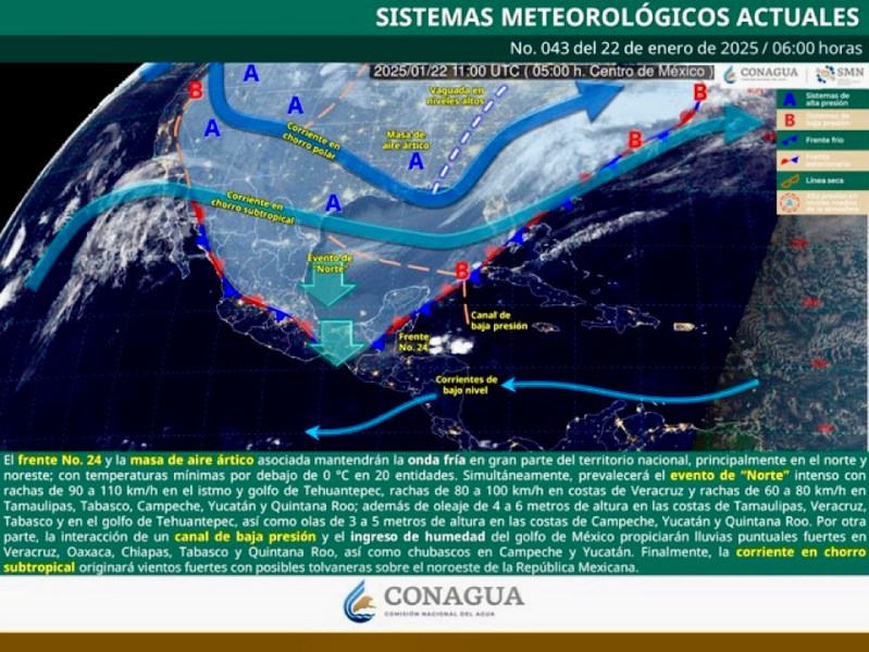Colima, México, Avanzada (22/01/2025).- Mientras gran parte de México enfrenta los efectos del frente frío No. 24 y la masa de aire ártico asociada, Colima se...
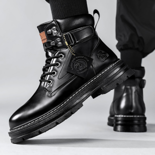 中帮机车靴子男生增高皮靴 2025新款 马丁靴男款 英伦风黑色高帮皮鞋
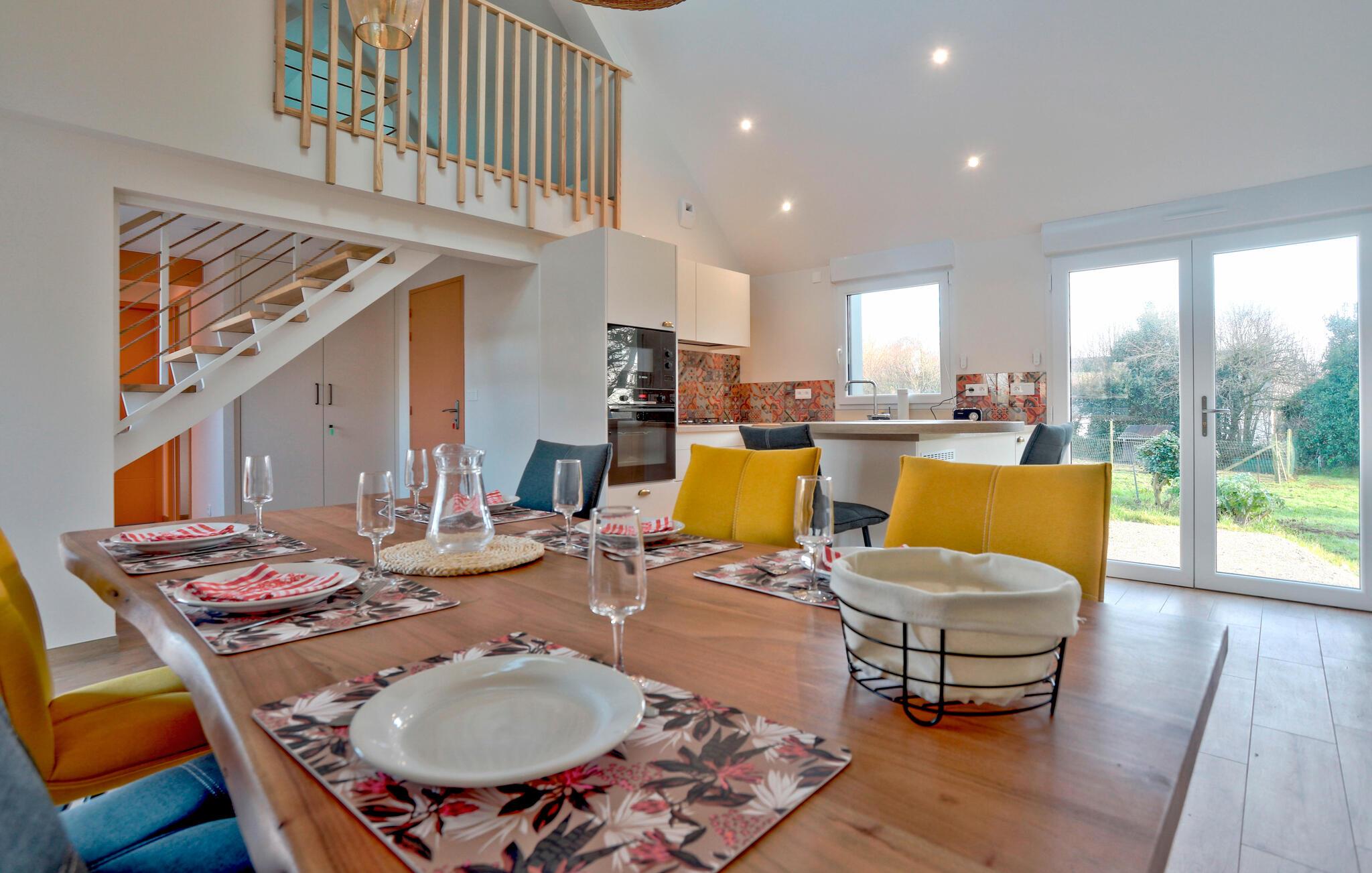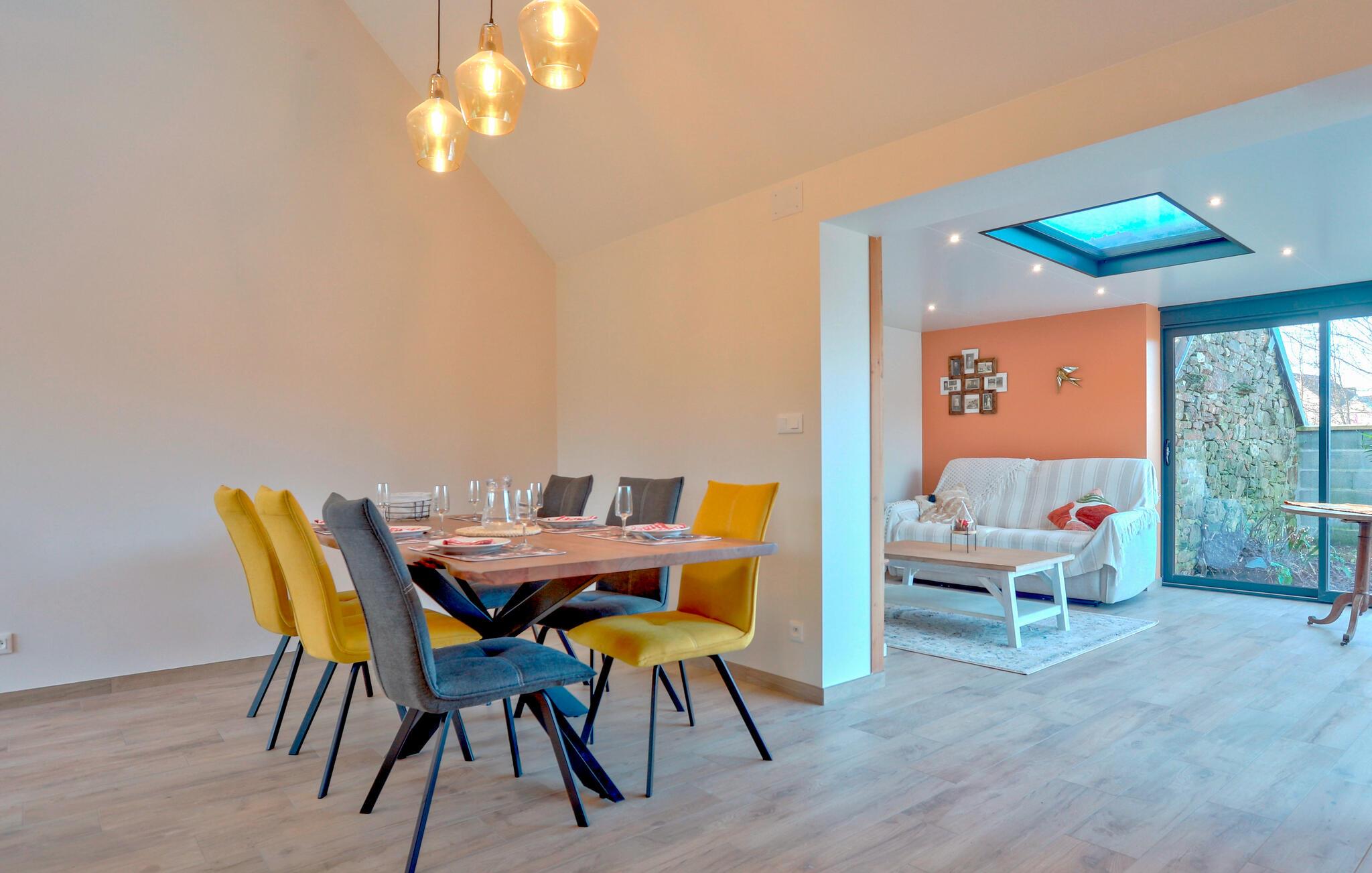 Dette lysfyldte, moderne feriehus er en sand oase af komfort og ro. Store vinduespartier og ovenlys bringer dagslyset ind i de rummelige opholdsrum, mens den katedral-lignende spisestue skaber en unik ramme om fælles måltider. Den åbne planløsning forbinder boligen med den omkringliggende natur – ideelt til afslappende timer.

- **What you will do**: Repeat the data word for word. Images are not part of the copy.

- **Your response**:
Colima, México, Avanzada (22/01/2025).- Mientras gran parte de México enfrenta los efectos del frente frío No. 24 y la masa de aire ártico asociada, Colima se...
 中帮机车靴子男生增高皮靴 2025新款 马丁靴男款 英伦风黑色高帮皮鞋
 Dette lysfyldte, moderne feriehus er en sand oase af komfort og ro. Store vinduespartier og ovenlys bringer dagslyset ind i de rummelige opholdsrum, mens den katedral-lignende spisestue skaber en unik ramme om fælles måltider. Den åbne planløsning forbinder boligen med den omkringliggende natur – ideelt til afslappende timer.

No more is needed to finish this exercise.